:: Records supplied
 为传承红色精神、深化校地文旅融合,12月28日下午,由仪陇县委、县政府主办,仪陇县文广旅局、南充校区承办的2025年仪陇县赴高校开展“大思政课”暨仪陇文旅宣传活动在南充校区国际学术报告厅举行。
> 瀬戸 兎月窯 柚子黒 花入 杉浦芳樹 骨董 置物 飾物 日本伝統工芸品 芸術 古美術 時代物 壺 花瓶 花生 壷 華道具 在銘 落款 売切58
::::
:: Records supplied
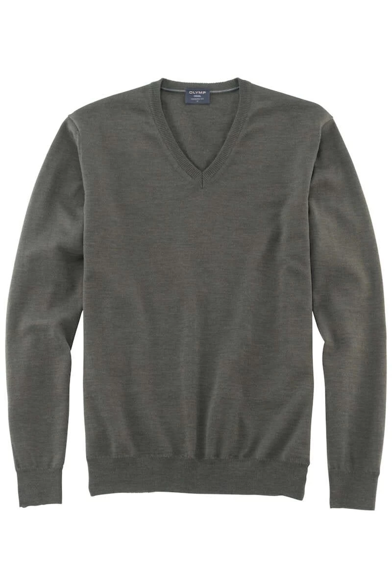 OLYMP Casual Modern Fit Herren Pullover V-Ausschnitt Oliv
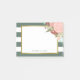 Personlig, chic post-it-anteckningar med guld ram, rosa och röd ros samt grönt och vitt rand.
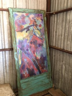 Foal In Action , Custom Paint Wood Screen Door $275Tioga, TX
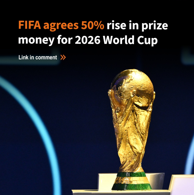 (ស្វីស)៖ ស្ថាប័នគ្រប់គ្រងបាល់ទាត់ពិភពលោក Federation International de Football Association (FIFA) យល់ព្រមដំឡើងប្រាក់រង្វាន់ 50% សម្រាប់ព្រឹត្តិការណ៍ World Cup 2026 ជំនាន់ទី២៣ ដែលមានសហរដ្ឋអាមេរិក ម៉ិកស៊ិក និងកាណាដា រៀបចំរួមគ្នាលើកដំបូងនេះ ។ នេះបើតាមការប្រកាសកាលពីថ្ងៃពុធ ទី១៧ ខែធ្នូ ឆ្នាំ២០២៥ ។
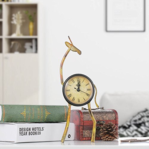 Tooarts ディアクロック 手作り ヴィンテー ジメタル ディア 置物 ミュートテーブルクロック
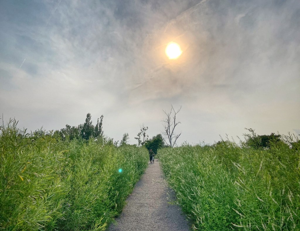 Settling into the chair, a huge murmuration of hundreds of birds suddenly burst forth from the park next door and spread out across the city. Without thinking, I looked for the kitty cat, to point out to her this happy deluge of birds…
::::
:: Records supplied
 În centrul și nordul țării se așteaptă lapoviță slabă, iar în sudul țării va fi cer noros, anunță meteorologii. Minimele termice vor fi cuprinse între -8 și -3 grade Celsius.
::::
**To do:**
Return only the lines between the one holding "为传承红色精神、深化校地文旅" and the one holding "華道具 在銘 落款 売切58", inclusive, exactly as they appear above.

**Exercise solution:**
 为传承红色精神、深化校地文旅融合,12月28日下午,由仪陇县委、县政府主办,仪陇县文广旅局、南充校区承办的2025年仪陇县赴高校开展“大思政课”暨仪陇文旅宣传活动在南充校区国际学术报告厅举行。
> 瀬戸 兎月窯 柚子黒 花入 杉浦芳樹 骨董 置物 飾物 日本伝統工芸品 芸術 古美術 時代物 壺 花瓶 花生 壷 華道具 在銘 落款 売切58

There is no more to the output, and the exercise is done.